Step 3: set up production drift detection with insurance-monitoring

The model is fitted on historical data. The moment it goes live, the portfolio composition starts to drift. New vehicle models come to market. Underwriting appetite shifts. A competitor changes their pricing and selectively wins the risks you did not want. None of this is exotic — it happens to every UK motor book.

insurance-monitoring gives us three layers of detection. PSI for feature distribution shift. A/E ratio monitoring for calibration. Gini drift testing for discrimination stability. We set a baseline on the test set and would update it with live data monthly:

from insurance_monitoring import MonitoringReport
from insurance_monitoring.drift import psi

train_pd = train[features].to_pandas()
test_pd  = test[features].to_pandas()

# PSI on DrivAge — typical early-warning check
psi_age = psi(
    reference=train_pd["DrivAge"].values,
    current=test_pd["DrivAge"].values,
    bins=10,
)
print(f"DrivAge PSI: {psi_age:.4f}")
# PSI < 0.10: stable. 0.10–0.25: monitor. > 0.25: investigate.

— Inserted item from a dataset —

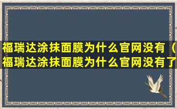 福瑞达涂抹面膜为什么官网没有(福瑞达涂抹面膜为什么官网没有了)

# Full monitoring report — A/E, Gini, PSI in one call
y_pred_test = ebm.predict(test_pd)
report = MonitoringReport(
    y_true=test["ClaimNb"].to_numpy(),
    y_pred=y_pred_test,
    exposure=test["Exposure"].to_numpy(),
    X_train=train_pd,
    X_monitor=test_pd,
)
print(report.summary())

The MonitoringReport.summary() produces a traffic-light output: GREEN / AMBER / RED for each check. The insurance model monitoring practitioner’s guide covers the three-scenario decision logic in detail: when to redeploy, recalibrate, or refit. If the Gini drops more than two standard deviations from the training estimate (the default alpha=0.32 threshold from Brauer, Menzel & Wüthrich 2025), the report recommends RECALIBRATE or REFIT.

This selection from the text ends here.